Assignment
All entries must be repeated exactly. No picture should appear in the result.

Records excerpted from a collection
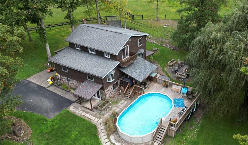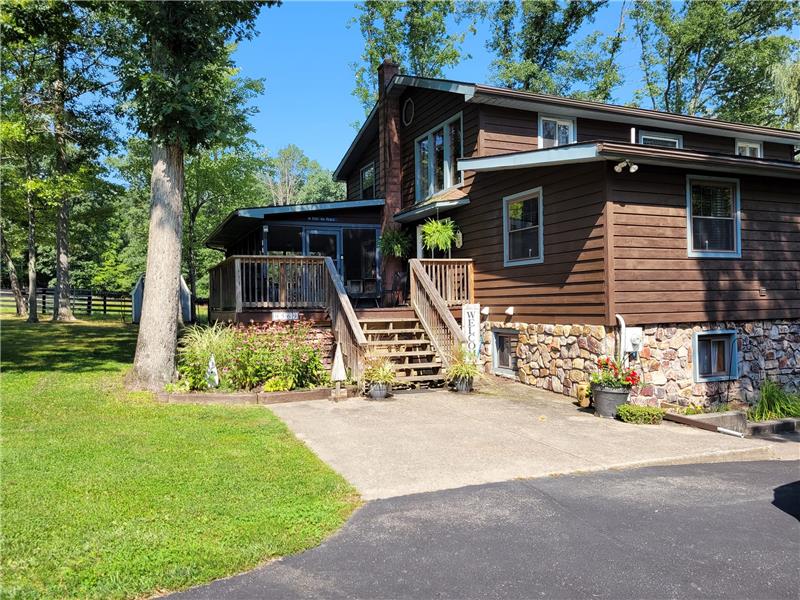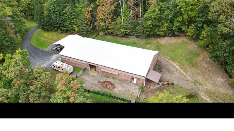 One-of-a-kind HORSE FARM country estate on 9.99 + acres less than a mile from Huntingdon. Grow your own beauties in the raised beds in this backyard Eden, complete with heated swimming pool, hot tub, outdoor shower and firepit. After a nice swim, enjoy your horses in this 120x60 six stall horse barn with indoor arena. All new fencing. Property also has a detached oversized 2 car garage 28x32 with workshop and a second story finished office/studio, which could easily be an apartment. The 2800 sq ft house has 3 bedrooms and 3 bathrooms & has been completely remodeled. New kitchen appliances.
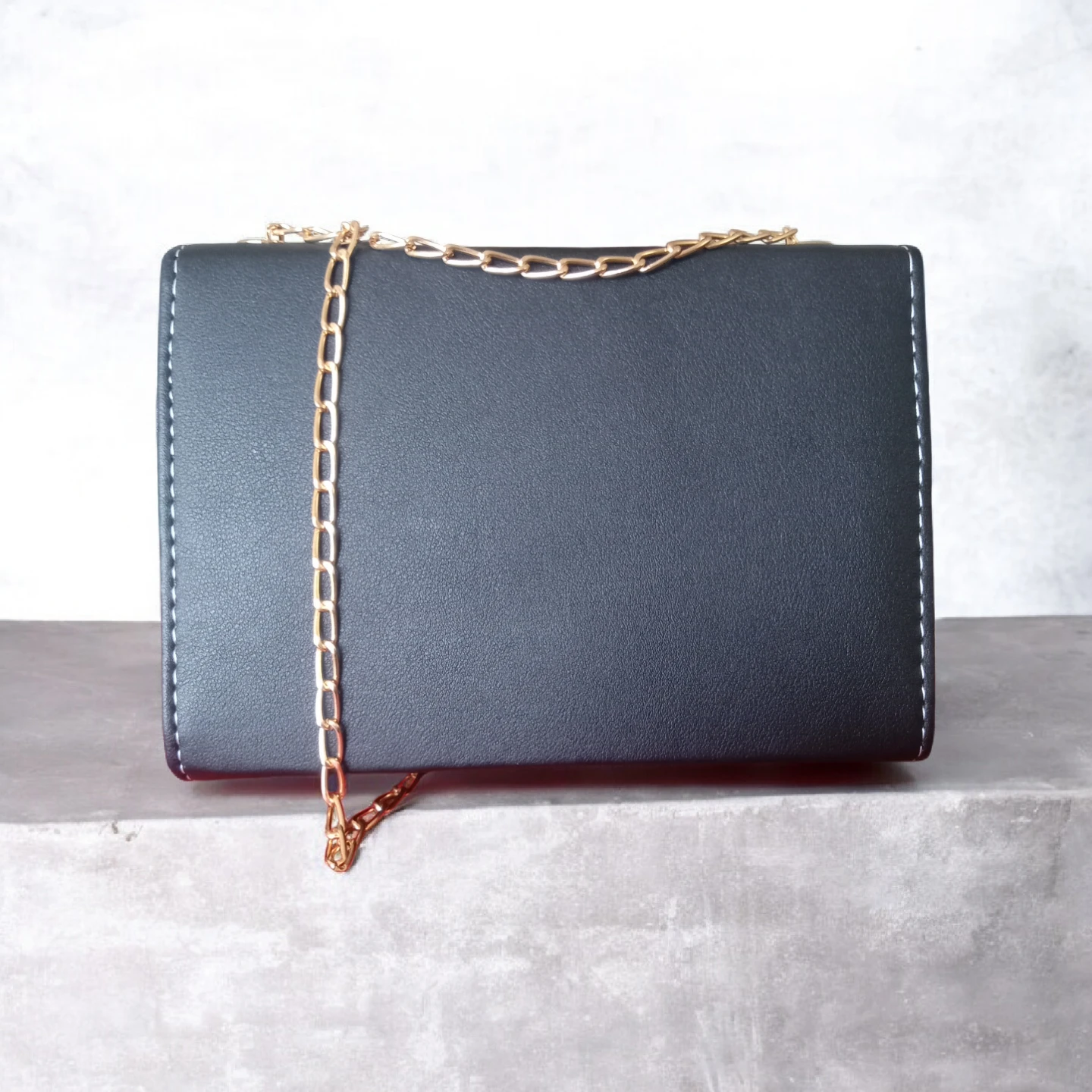 This stylish clutch features a black and white exterior with a glitter star pattern. It includes a detachable gold chain strap for versatile wear. The interior has a zippered pocket for secure storage.
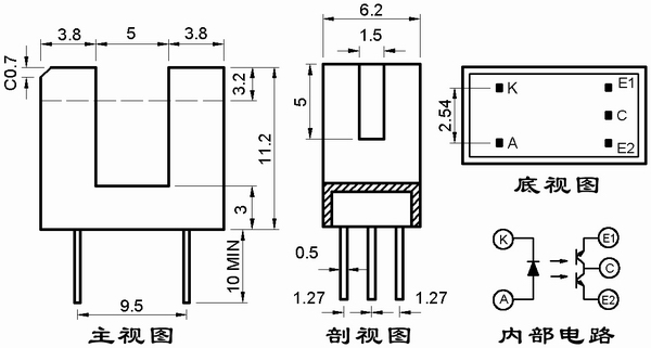 高靈敏度雙光電晶體管組成。
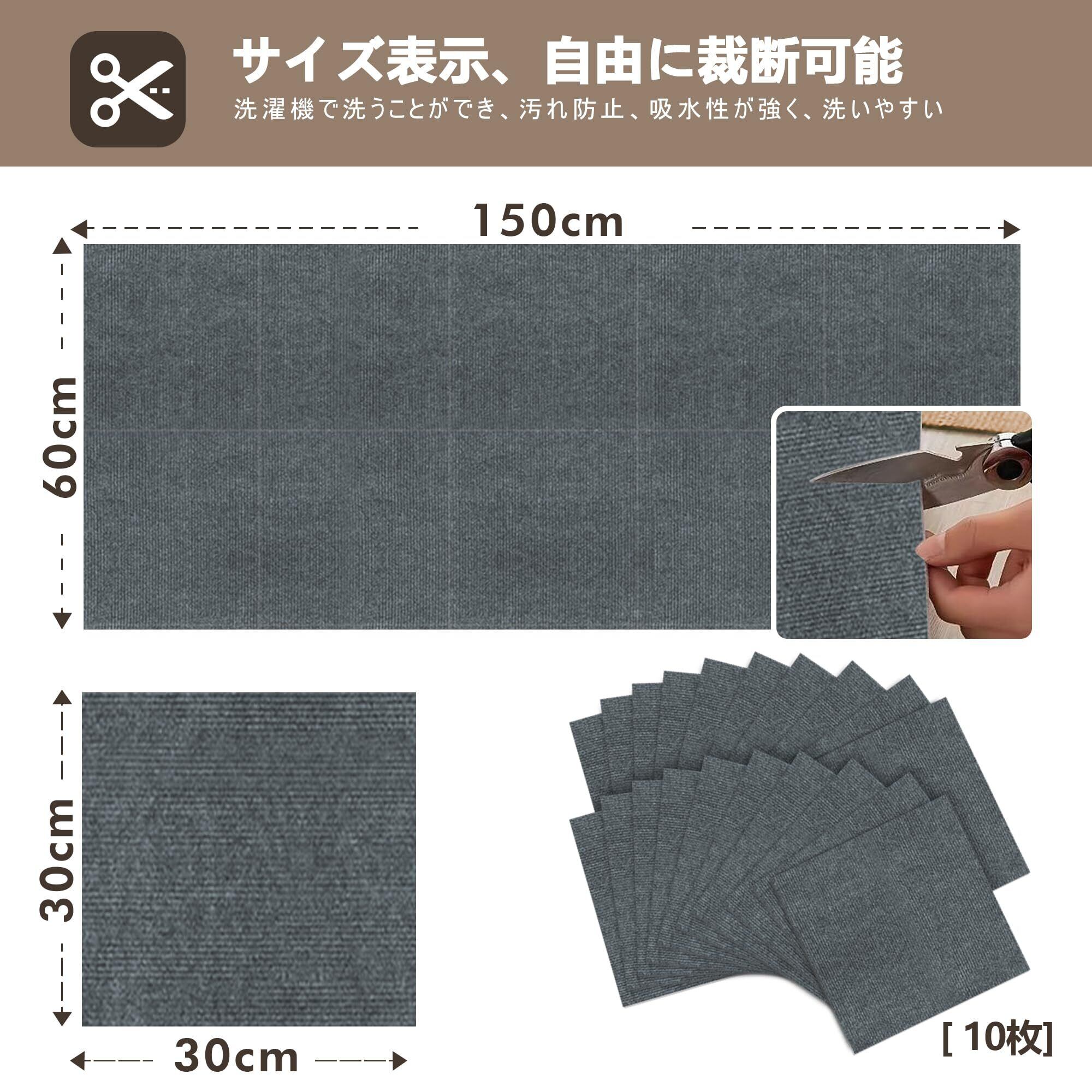 【 限定ブランド】XIWEIYI ジョイントマット 大判タイルカーペット 吸着マット タイルマット【30*30*0.4cm10枚】 防音保温 床暖房にも対応 防音シート 洗える ペット/子供/高齢者の滑り止め対策 手入れ簡単 設置簡単 DIY可能 玄関、廊下、リビング、 厨房(ダークグレー)
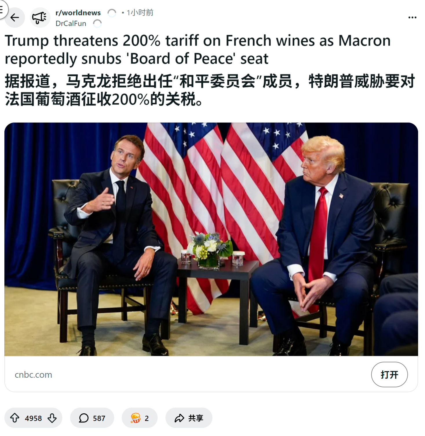 来源:https://www.reddit.com/r/worldnews/comments/1qhsowq/trump_threatens_200_tariff_on_french_wines_as/
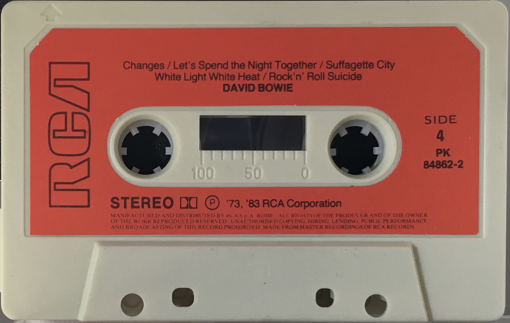 Side 2: Changes; Let’s Spend The Night Together; Suffragette City; White Light/ White Heat; Rock ‘N’ Roll Suicide.

Exercise answer
 One-of-a-kind HORSE FARM country estate on 9.99 + acres less than a mile from Huntingdon. Grow your own beauties in the raised beds in this backyard Eden, complete with heated swimming pool, hot tub, outdoor shower and firepit. After a nice swim, enjoy your horses in this 120x60 six stall horse barn with indoor arena. All new fencing. Property also has a detached oversized 2 car garage 28x32 with workshop and a second story finished office/studio, which could easily be an apartment. The 2800 sq ft house has 3 bedrooms and 3 bathrooms & has been completely remodeled. New kitchen appliances.
 This stylish clutch features a black and white exterior with a glitter star pattern. It includes a detachable gold chain strap for versatile wear. The interior has a zippered pocket for secure storage.
 高靈敏度雙光電晶體管組成。
 【 限定ブランド】XIWEIYI ジョイントマット 大判タイルカーペット 吸着マット タイルマット【30*30*0.4cm10枚】 防音保温 床暖房にも対応 防音シート 洗える ペット/子供/高齢者の滑り止め対策 手入れ簡単 設置簡単 DIY可能 玄関、廊下、リビング、 厨房(ダークグレー)
 来源:https://www.reddit.com/r/worldnews/comments/1qhsowq/trump_threatens_200_tariff_on_french_wines_as/
 Side 2: Changes; Let’s Spend The Night Together; Suffragette City; White Light/ White Heat; Rock ‘N’ Roll Suicide.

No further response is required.